Top Hits aggregation not working with rescoring despite 2.4.2 fix


(Janek Bevendorff) #1

Hey there,

I have a large collection of web documents which I want to search. In order to do that I run a fast match query over all documents and then rescore the top N hits. To avoid getting, e.g., only Wikipedia pages when searching for "wikipedia", I want to aggregate by domain name using a top hits aggregation. After hours of debugging I finally found out why it wasn't working and that the bug was fixed in Elasticsearch 2.4.2.
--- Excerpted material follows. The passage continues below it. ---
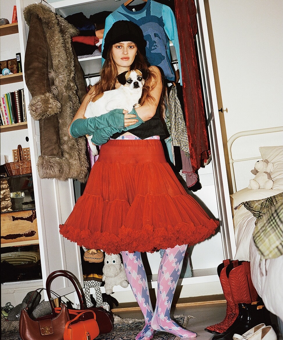 愛犬のサンティアゴとはいつも一緒。素肌に一枚で着たベストはルージュ、アームウォーマーはアニエスベー、チュチュはロンドンで買った50年代アメリカンヴィンテージ。特にお気に入りというシアリングのコートはヴァネッサブリューノ。赤いベロアのマフラーはコム デ ギャルソン。自由の女神が編み込まれたニットはケンゾー。クローゼットには、目にするだけで楽しくなるようなアイテムが揃う。

However, I have the problem that my max aggregation which I use to order the buckets still doesn't work. My aggregation looks like this:

final AggregationBuilder aggregation = AggregationBuilders.terms("hosts")
            .field("warc_target_hostname_raw")
            .order(Terms.Order.aggregation("top_score", false))
            .subAggregation(AggregationBuilders.topHits("top_sites").setSize(4))
            .subAggregation(AggregationBuilders.max("top_score").script(new Script("_score")));

which translates to this JSON:

{
  "hosts": {
    "terms": {
      "field": "warc_target_hostname_raw",
      "order": {
        "top_score": "desc"
      }
    },
    "aggregations": {
      "top_sites": {
        "top_hits": {
          "size": 4
        }
      },
      "top_score": {
        "max": {
          "script": {
            "inline": "_score"
          }
        }
      }
    }
  }
}

It turns out, the "_score" script still uses the old scores before rescoring and I only get garbage results. I can remove the max aggregation altogether, but then my query is terribly slow and buckets aren't sorted by their top ranked documents which makes the aggregation useless.

Is there any way to work around this problem or does this need another fix in Elasticsearch?


(system) #2

This topic was automatically closed 28 days after the last reply. New replies are no longer allowed.